Tasmanian company West Coast Wind has secured an in-principle deal to sell power generated by a proposed $280-million wind farm to the state government
The plan is to build the 33-turbine wind farm at Granville Harbour with an output of 99 Megawatts which could power up to 40,000 homes.
Tasmania’s Energy Minister Matthew Groom said the deal was with the state-owned monopoly power supplier Hydro Tasmania.
“The Cabinet has endorsed Hydro Tasmania entering into an agreement to purchase the power for the Granville Harbour wind farm,” he said.
That deal involves Hydro buying about 360-gigawatt hours of energy and renewable energy certificates a year from the proposed wind farm.
The announcement comes in the wake of Tasmania’s energy crisis last year, which saw the state fighting to keep the lights on.
Mr Groom said new renewable development was crucial to ensure the state avoided a repeat. “It is important from an energy security perspective,” he said.
The project is expected to create about 200 jobs during its construction, and eight permanent jobs.
Wind Farm investors “champing at the bit”

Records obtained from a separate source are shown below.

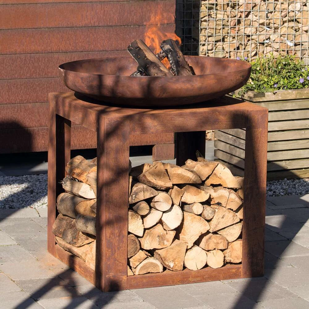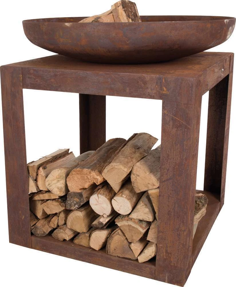 Comme nous, vous aserez sĂ©duits par ce brasĂ©ro très pratique avec son espace pour ranger votre bois de chauffage. Brasero au bois Selki Industrial en acier – 80x80x85 cm.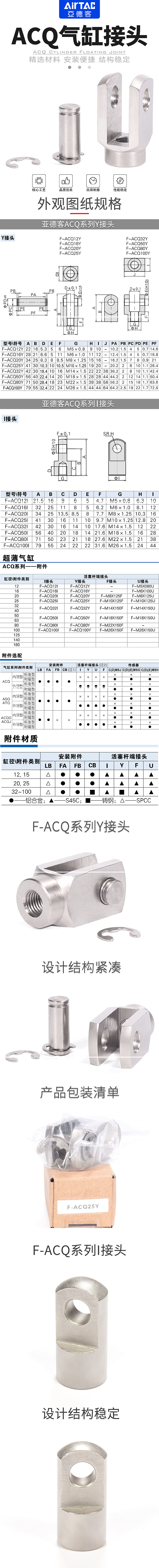 亚德客 Y型接头 F-ACQ20Y 适用于同品牌ACQ20系列气缸 1个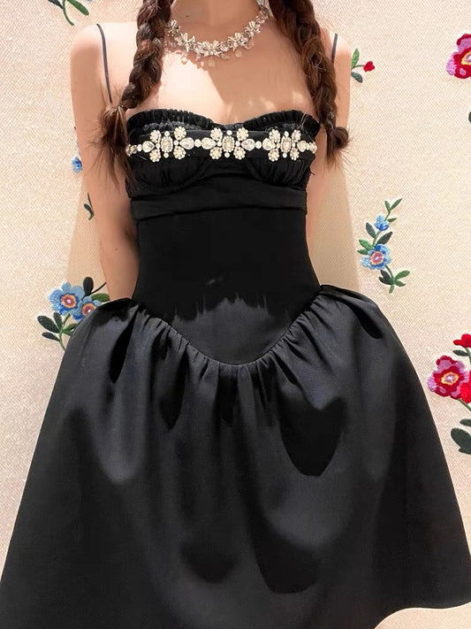 黑色镶钻抹胸连衣裙Black Rhinestone Dress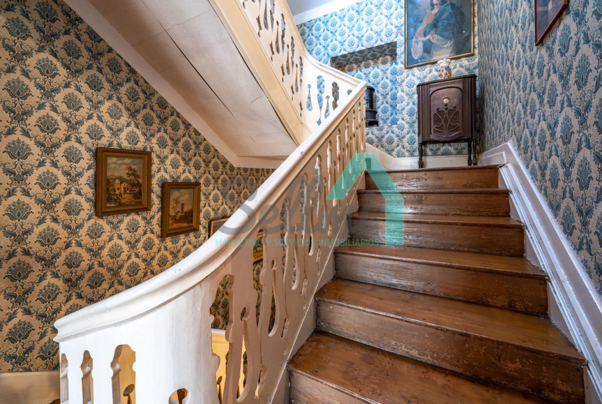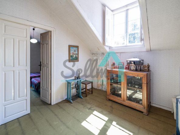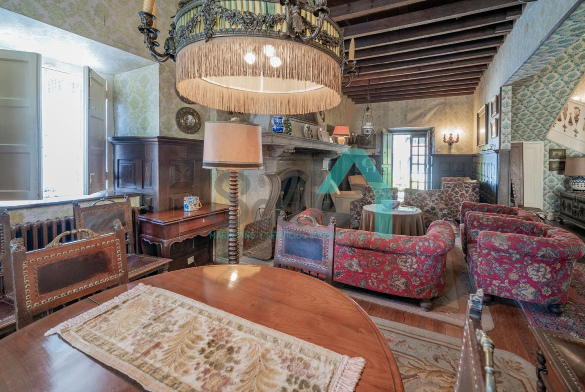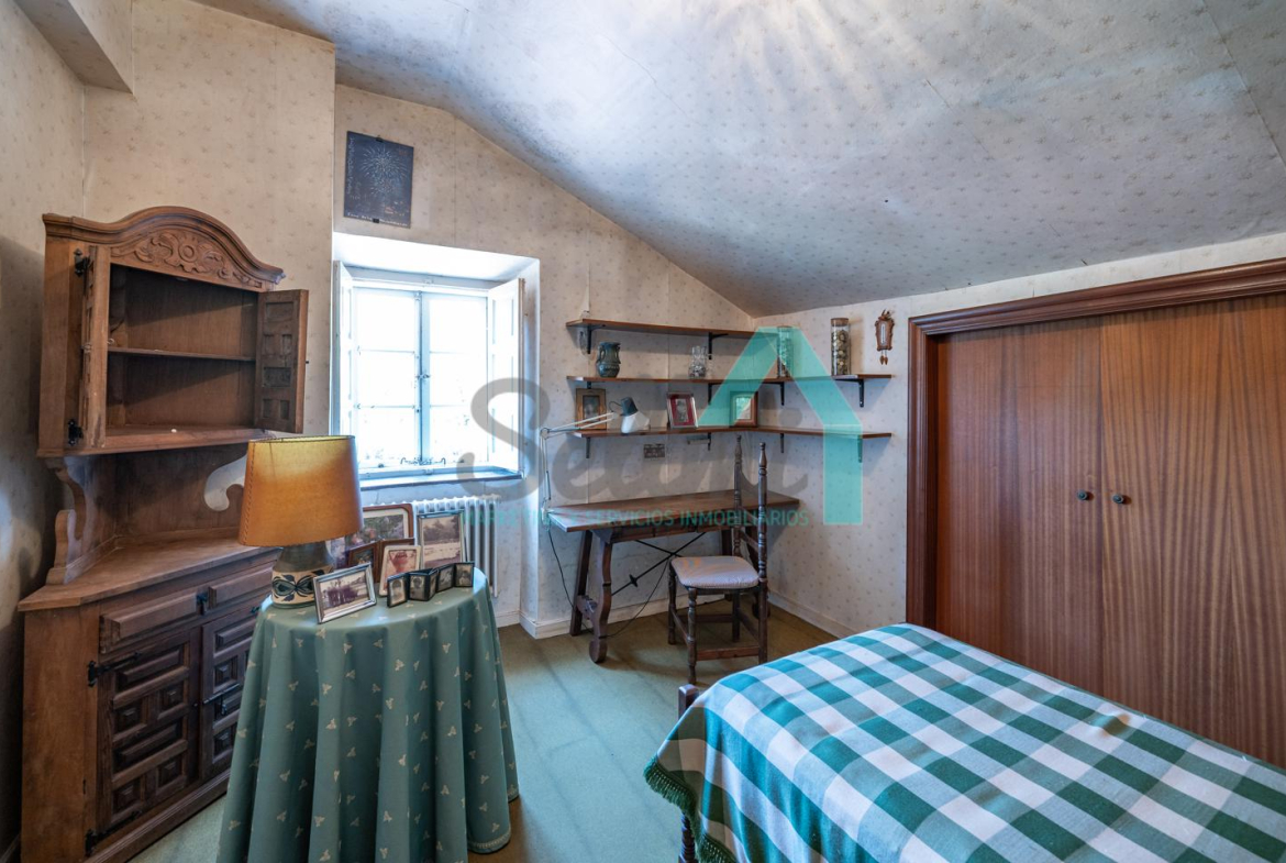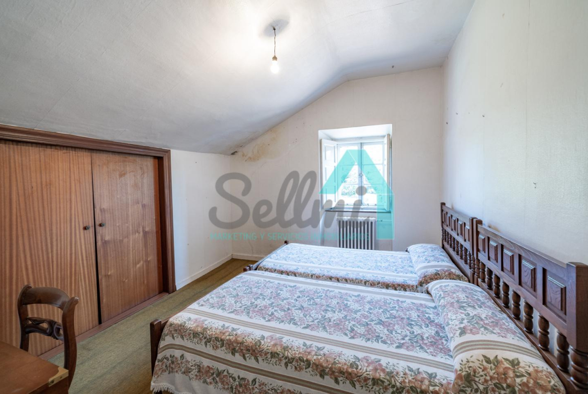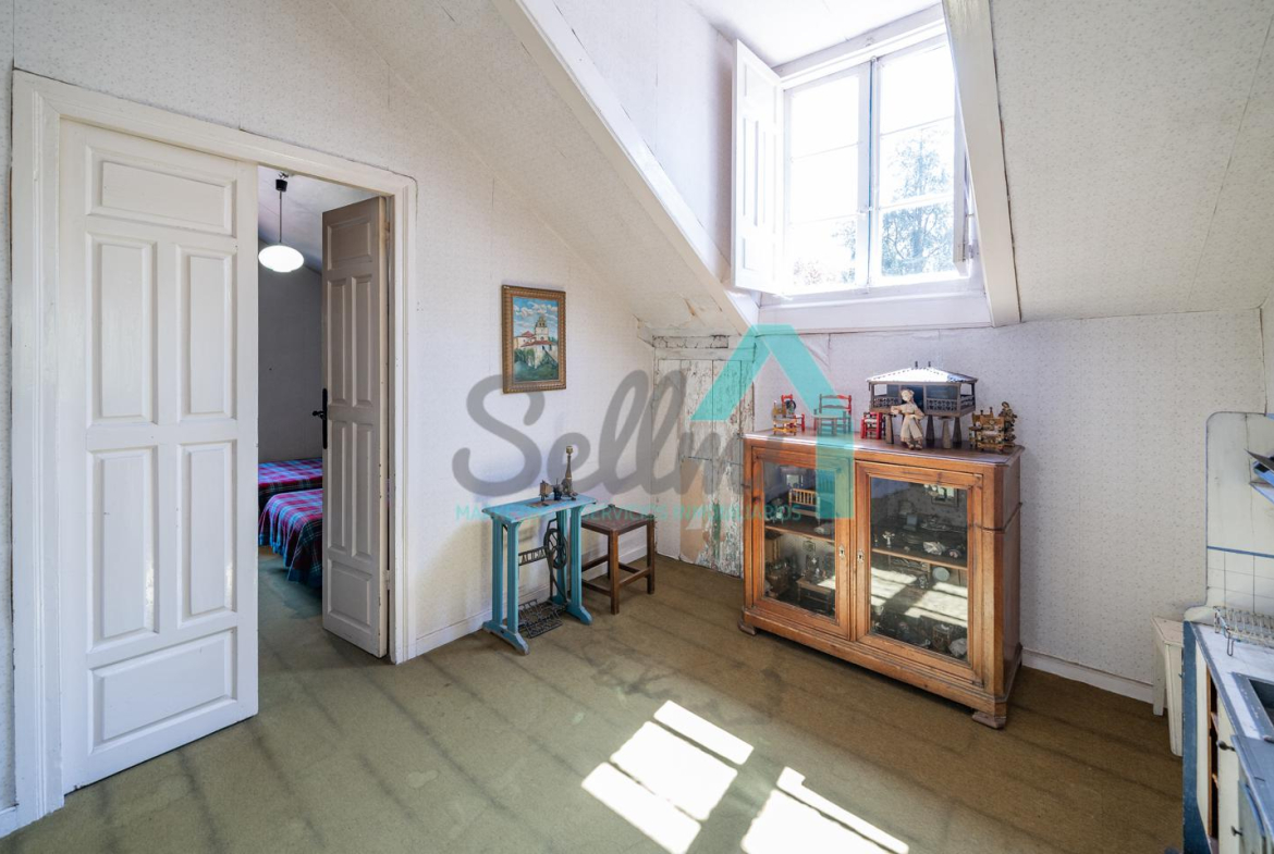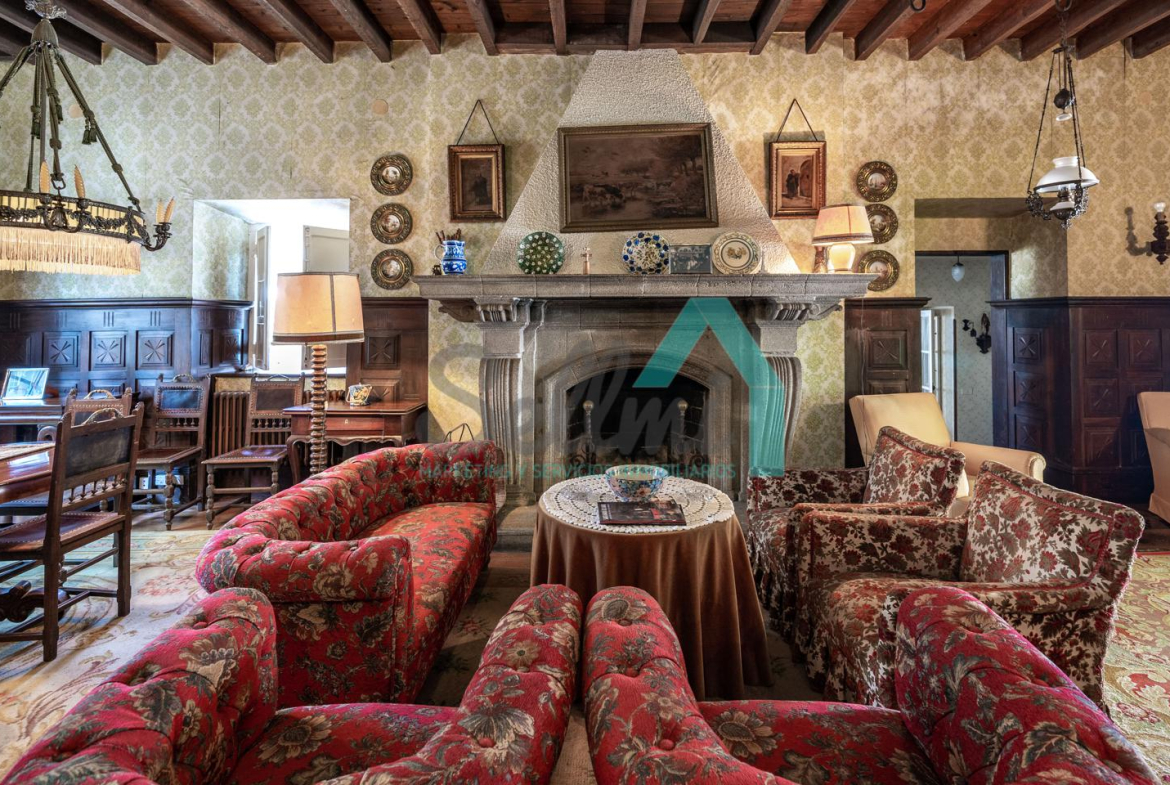 La vivienda está distribuida en tres plantas y cuenta con dos salones (el principal con una gran chimenea), cocina amueblada, una galería con orientación suroeste, nueve habitaciones, cuatro baños y varios trasteros.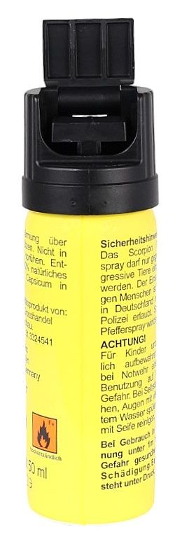 De Scorpion Pepperspray 50 ml biedt maximale bescherming in noodsituaties. Met een brede nevelstraal en een effectief bereik tot 3 meter creëert u een krachtige verdedigingszone tegen aanvallende dieren. Dankzij het grotere volume van 50 ml heeft u extra inhoud voor herhaald gebruik. De veerbelaste veiligheidsdop voorkomt onbedoeld activeren, waardoor de spray veilig en betrouwbaar mee te nemen is.

WestCoast Wind’s Alex Simpson said the priority now was securing a primary investor. “We’ve got a number of investors that are champing at the bit to take this on, but there’s quite a rigorous process and robust process that we are going through,” he said.
Mr Simpson said he would be ensuring the selected investor would be “committed totally to the project but also the people on the west coast”.
The company wants construction and initial works to start in September and to be completed by early 2019. The project will include a transmission line to connect to the Tasmanian electricity network, a transformer substation and switchyard.
Extensive environmental, heritage, engineering and survey work has been completed for the project, with more scheduled prior to construction, to ensure minimal environmental and social impact whilst maintaining sound economic potential.
West Coast Wind said the project provides clean renewable energy to abate over 130,000 (+) tonnes of carbon emissions per annum, equivalent to removing over 30,000 cars from the road.
The announcement follows a similar deal for a $350-million wind farm construction in the Central Highlands earlier this month.
Hydro Tasmania’s Steve Davy said it was encouraging to see the increased focus on renewables.
“The proposed Granville Harbour and Cattle Hill wind farms contribute towards plans to make Tasmania the battery of the nation,” he said.